Unicode concatenation with the string: print '£' + '1' works, but print '£' + u'1 'throws a UnicodeDecodeError

I noticed the following:

>>> print '£' + '1' £1 >>> print '£' + u'1' Traceback (most recent call last): File "<stdin>", line 1, in <module> UnicodeDecodeError: 'ascii' codec can't decode byte 0xc2 in position 0: ordinal not in range(128) >>> print u'£' + u'1' £1 >>> print u'£' + '1' £1 

Why does '£' + '1' , but '£' + u'1' does not work?

I looked at the types:

 >>> type('£' + '1') <type 'str'> >>> type('£' + u'1') Traceback (most recent call last): File "<stdin>", line 1, in <module> UnicodeDecodeError: 'ascii' codec can't decode byte 0xc2 in position 0: ordinal not in range(128) >>> type(u'£' + u'1') <type 'unicode'> 

It bothers me too. If '£' + '1' is str and not a unicode , why does it print correctly on my terminal?

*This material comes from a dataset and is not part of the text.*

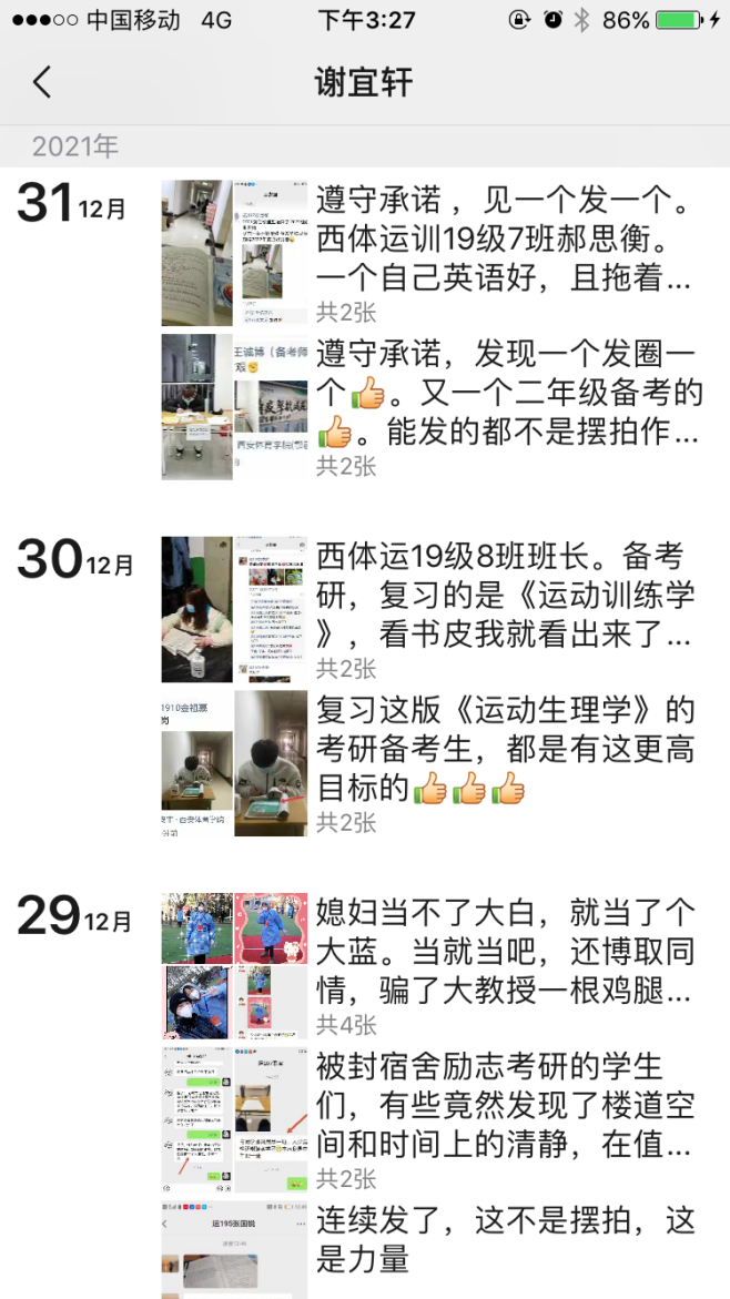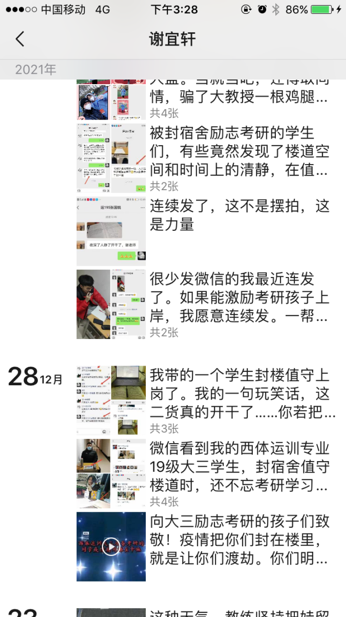 图片一:运动训练学教研室党支部书记谢宜轩用朋友圈记录学生们的成长与互动
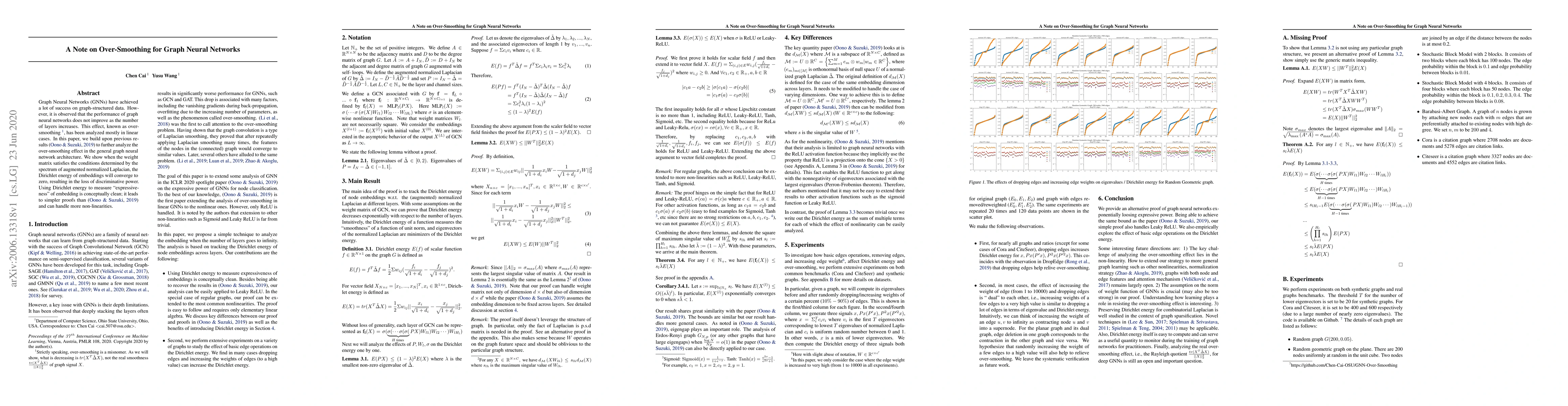 This paper investigates the over-smoothing phenomenon in Graph Neural Networks (GNNs), showing that as the number of layers increases, performance plateaus due to the convergence of Dirichlet energy to zero. It provides a more general analysis than previous works, using the spectrum of the augmented normalized Laplacian to determine conditions under which embeddings lose discriminative power.

Shouldn't I type something like '\xc2\xa31'?

To add to the mix, I also noticed the following:

 >>> u'£' + '1' u'\xa31' >>> type('1') <type 'str'> >>> type(u'£') <type 'unicode'> >>> print u'£' + '1' £1 

Why doesn't u'£' + '1' print the character £ correctly, while print u'£' + '1' does? Is it because repr used in the former, whereas str used in the latter?

Also, how does concatenation of unicode and a str work, but not in the case of '£' + u'1' ?

+8
python string-concatenation unicode
source share
1 answer

You are mixing object types.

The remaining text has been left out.